L’arrivée de la technologie VVOLS de VMware contraint les fabricants de produits de stockage à des changements majeurs dans leurs produits. La transition pourrait s’avérer délicate pour nombre d’entreprises.

Le slogan « les VVOLs arrivent » résonne aux oreilles des utilisateurs de vSphere depuis août 2011, la data à laquelle VMware a pour la première fois présenté le concept lors d’une session technique à VMworld. Après près de quatre ans de développements, VMware a finalement annoncé la disponibilité générale de la technologie lors de VMware Partner Exchange en 2015 qui a servi de plate-forme de lancement officiel pour vSphere 6 et les APIs « vSphere APIs for Storage Awareness » (VASA) 2.0. Un grand nombre de fabricants de baies de stockage a simultanément annoncé le support des VVOLs – pour Virtual Volumes — dans certains de leurs produits. Mais qu’est-ce exactement qu’un VVOL, comment fonctionne-t-il et quels sont les bénéfices pour les utilisateurs ?

Pour faire simple, les VVOLS permettent le provisioning, la supervision et l’administration du stockage lié à une application avec une granularité qui est celle de la VM qui supporte cette application. Avant que VMware ne fasse sont entrés sur le marché, les applications avaient une relation directe avec un LUN ou un volume provisionné sur une baie de stockage. La performance, la capacité et les services fournis (compression, cache, thin provisioning, snapshots, clonage, réplica­tion, déduplication, chiffrement, etc.) étaient définis de façon statique pour ce LUN. L’application tournant sur le serveur bénéficiait donc de tous les services disponibles pour ce LUN.

Lorsque VMware a virtualisé les serveurs avec son hyperviseur, il est devenu possible de faire fonctionner plusieurs applications (ou workloads) sous la forme de VM tournant sur un même serveur physique. Le stockage toutefois n’a pas évolué. Les VM ont continué à parler à des LUN où à des volumes. Bref, VMware a virtualisé les serveurs mais n’a pas vraiment changé le modèle de gestion du stockage.

Le résultat a créé un casse-tête pour les administrateurs de stockage pendant toute la décennie qui vient de s’écouler. Pour que le stockage fonctionne correctement avec VMware, on a fait en sorte qu’un unique LUN supporte un grand nombre de VM. Le problème est qu’en cas de problème de performance sur une application, il n’y avait plus vraiment de moyen de trouver la cause exacte du problème, car les informations de performances du stockage n’étaient disponibles qu’au niveau du LUN et pas à celui de la VM. Le manque de visibilité au niveau VM a rendu difficile, sinon impossible d’isoler les problèmes afin de les résoudre.

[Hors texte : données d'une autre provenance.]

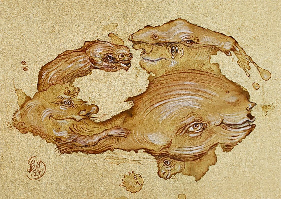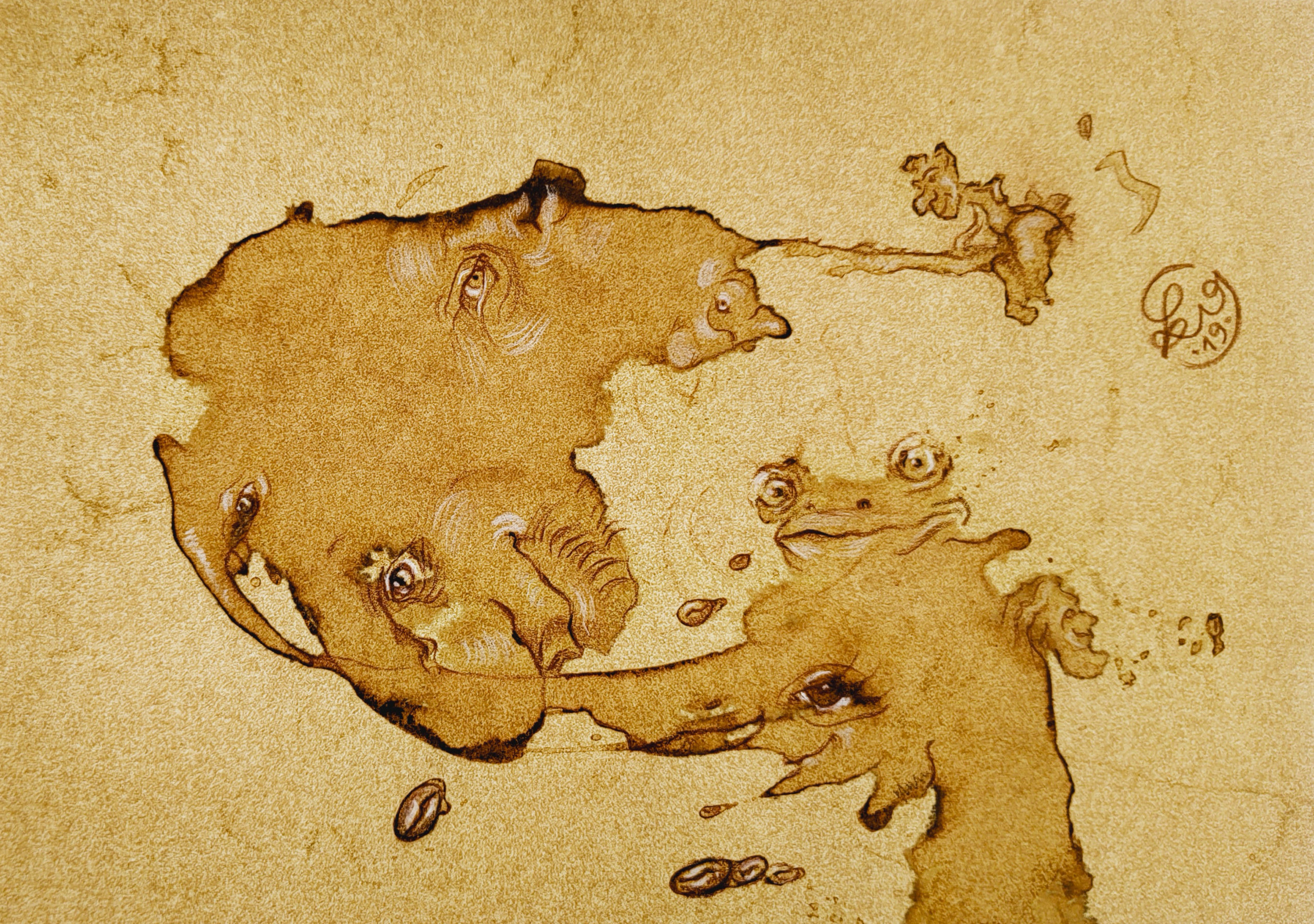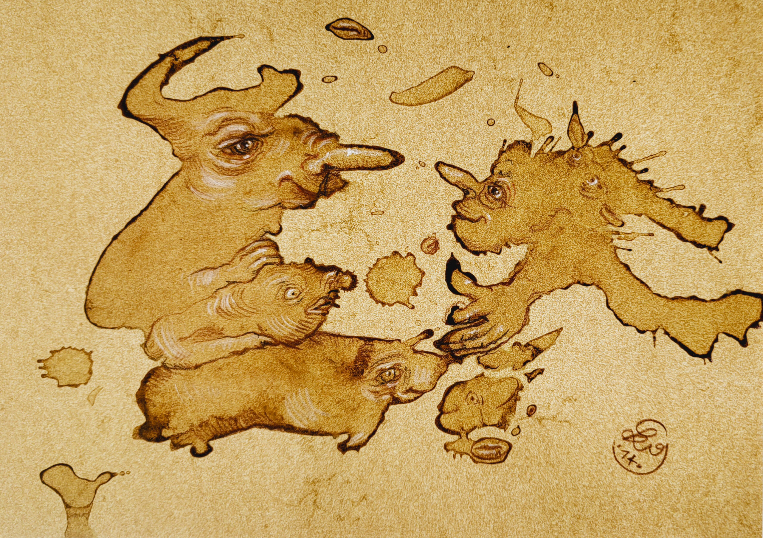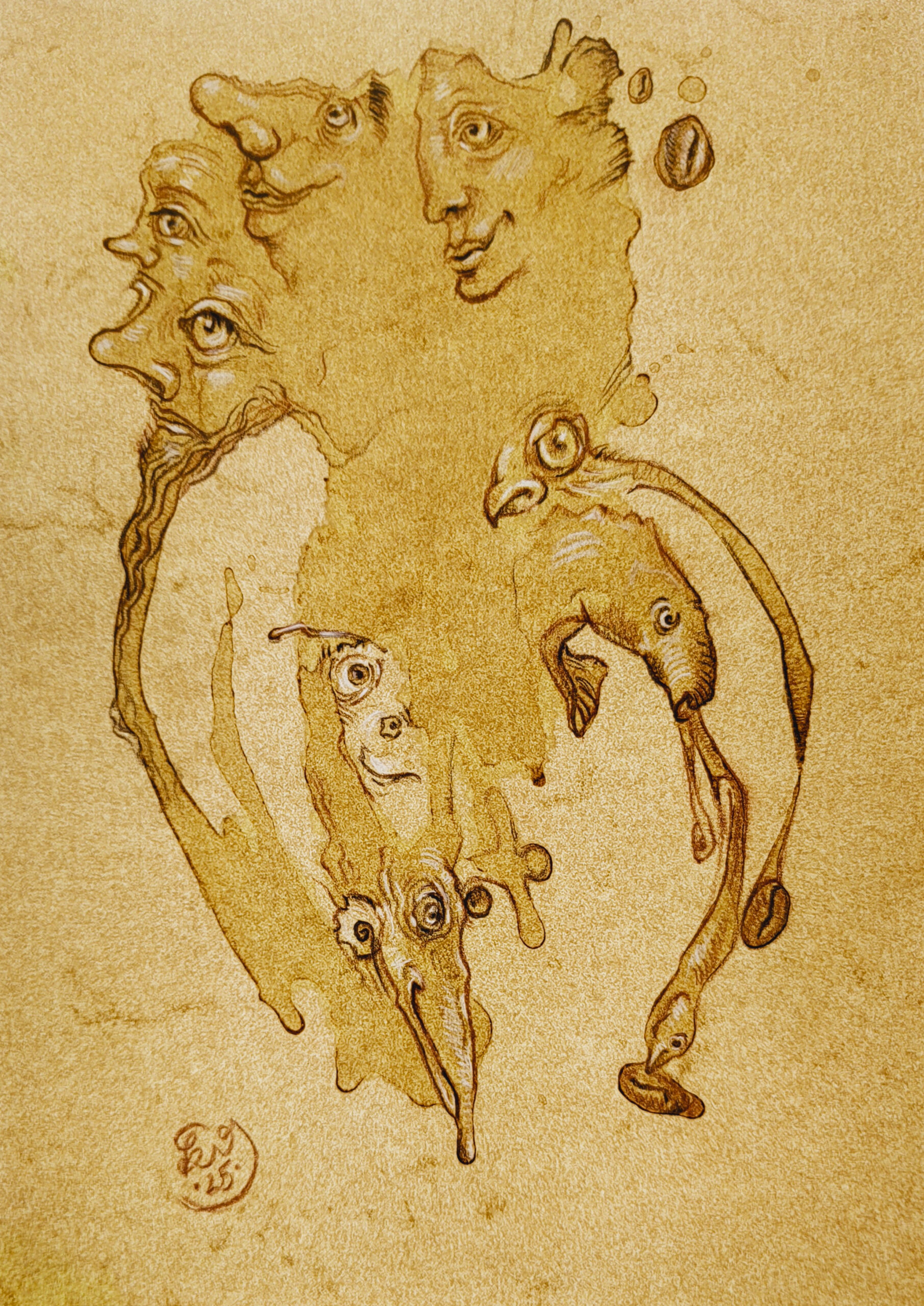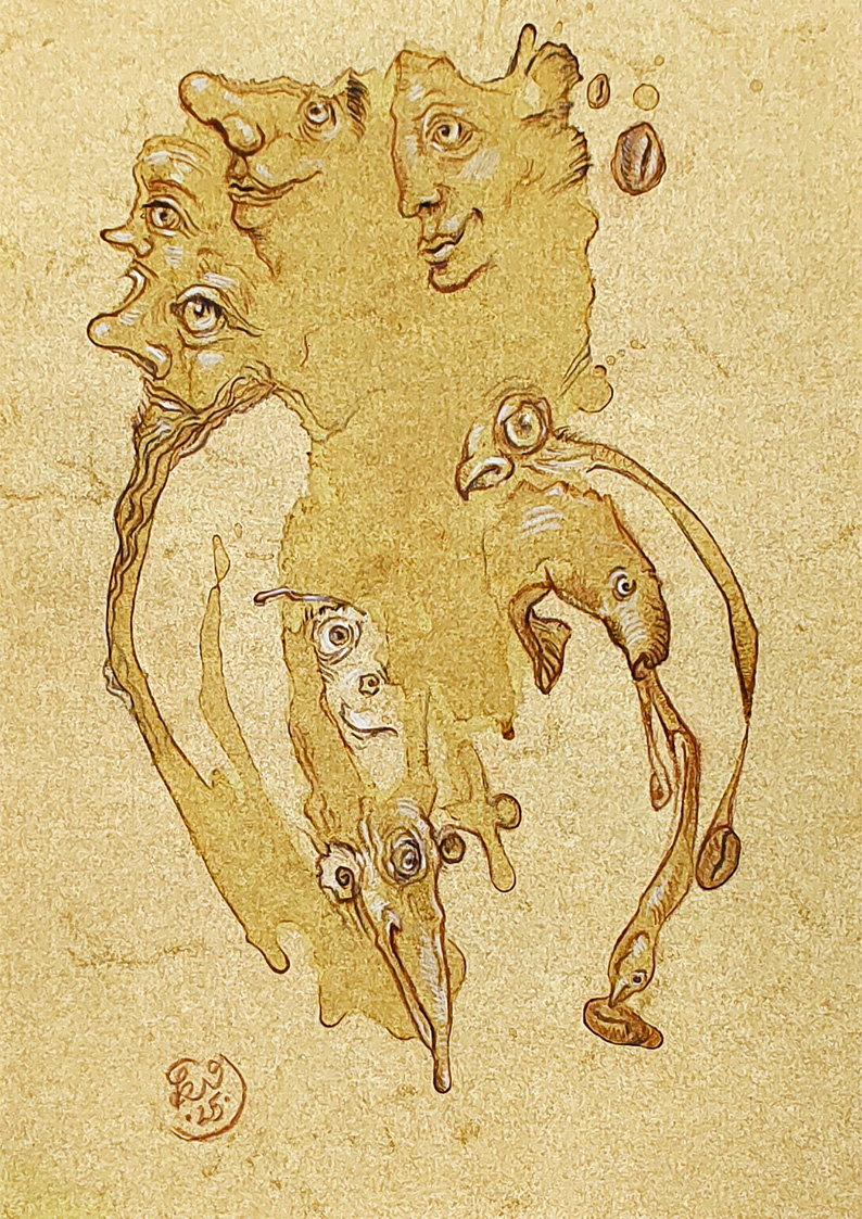 Original Sächs’sche Kaffee-Grotesken – wohin mit dem Kaffeesatz im Atelier? Richtig: Bilder draus machen!

Comment fonctionnent les VVOLs

Les VVOLs ont été conçus pour apporter une solution à ce problème fondamental en éliminant la dissonance qui existe entre l’organisation du stockage et les VM. La nouvelle technologie de VMware permet d’allouer à une VM des ressources de stockage avec des attributs précis de qualité de service. Ces attributs peuvent comprendre des paramètres tels que le type, la quantité ou la disponibilité du stockage, mais aussi la mise en œuvre de services comme la déduplication, les snapshots, la rép­lication, etc. Ces attributs peuvent être modifiés à la volée, en fonction des besoins d’une application. Pour comprendre précisément le fonctionnement des VVOLs, il est essentiel de comprendre les concepts décrits ci-dessous.

VVols Schéma

CONTENEURS DE STOCKAGE ET DATASTORE VIRTUELS

Avec les VVOLS, une baie de stockage NAS ou SAN est une ressource partagée, initialement découpée en de multiples conteneurs chacun doté d’attributs de capacité et de services différents.

Ces conteneurs sont en fait une abstraction logique créée à la demande de l’administrateur de la baie de stockage. Ils sont présentés à vSphere sous la forme de datastore virtuels (ce qui veut dire qu’aucun changement n’est perceptible pour les administrateurs vSphere). Les VVOLs, parfois surnommés disques virtuels, vivent à l’intérieur de ces conteneurs de stockage.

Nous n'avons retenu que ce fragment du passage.